Any scientific explanation as to why a hot shower is refreshing, feels good, wakes you up?
There’s an awful lot of stimulation going on in a good shower: the water beating against the skin, the physical actions of shampooing the hair and soaping up the rest of your bits, the smells of the various unguents. The sound of it all too, come to think of it.
I’m not so sure that a hot shower “wakes you up”. I’d more expect a cold shower to do that. A hot shower is more likely to put you to sleep.
When you are cold, a natural response is shivering, causing the muscles to burn fuel and generate heat.
When you are hot, the opposite response happens. The muscles relax, generating less heat. That’s why hot showers or saunas tend to make you feel relaxed.
I imagine if you habitually take a hot shower upon waking, it will help you feel ready for the day. And if you take a hot shower before bed every night, it will help you relax and feel sleepy.
There’s also the upright/supine thing. There’s a reason people usually shower in the morning or bathe in the evening.
Hot water just feels good; I think that would be about 90% of the explanation there.
I sometimes take hot showers even if I’m clean… just because they feel good.
Sorry to nitpick Baron but you forgot to put “soaping up” in quotation marks.
Agreed, but I’m trying to understand why that’s true.

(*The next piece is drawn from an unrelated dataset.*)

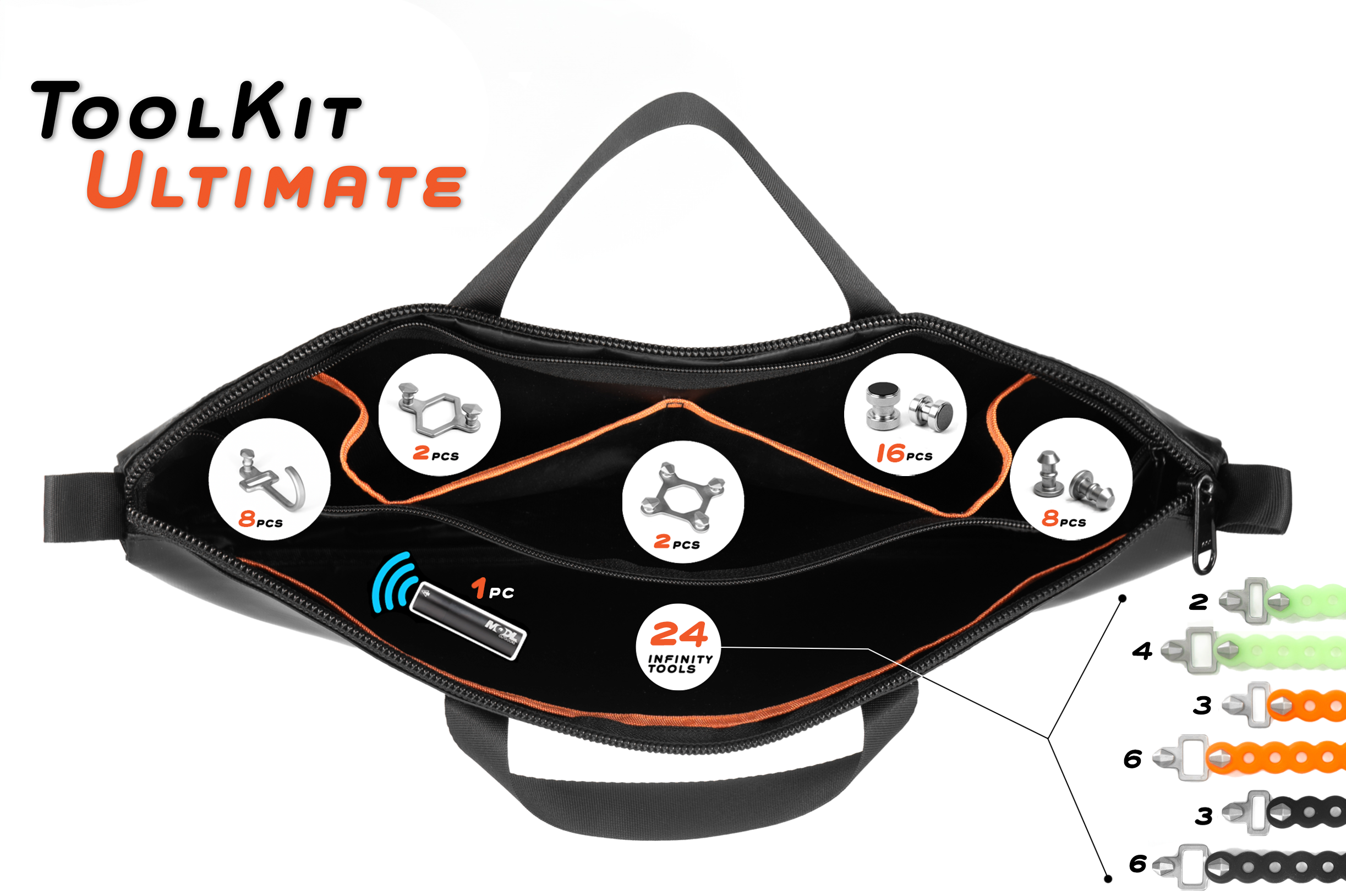 The Infinity Tool is a new type of multi-tool. Simple but powerful, you’ll be surprised by what this flexible gear tie can do!

I think a lot of it has to do with the hot and humid air. It feels soothing against the body, and helps clear sinuses as you breathe.

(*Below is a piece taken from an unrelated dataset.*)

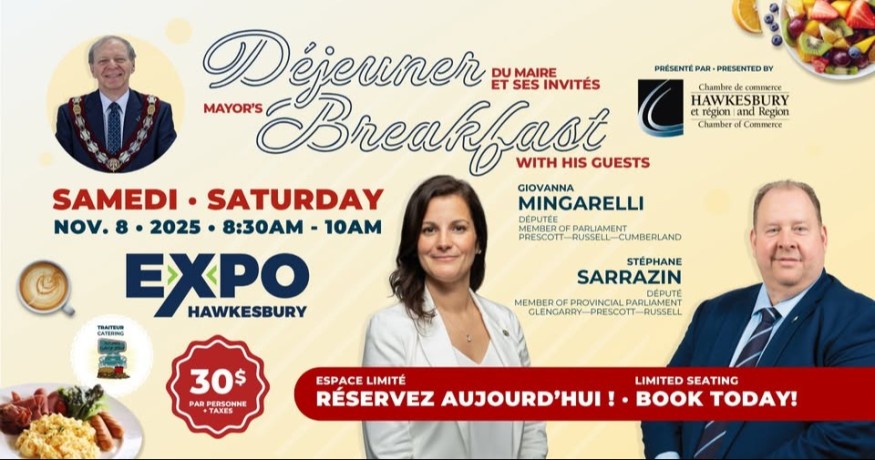 Inscription obligatoire: https://www.hawkesburycommerce.ca/.../mayors-breakfast

I’m pretty sure the hot water expands blood vessels near the surface of the skin. Does that have a positive effect on the body?
Heh, the majority of my hot showers are taken when I’m clean.
Hot water needling over your skin, which is after all your largest organ, causes increased blood flow out to the extremities and out of the body’s core. Increased blood flow over your entire body is going to wake you up, it’s a huge bump in body process over the quiet of sleep. When you get out of the shower and the cooler air hits your skin, blood flow decreases and flows back into the body core. It’s the energy difference of the rushing stream vs the still pond.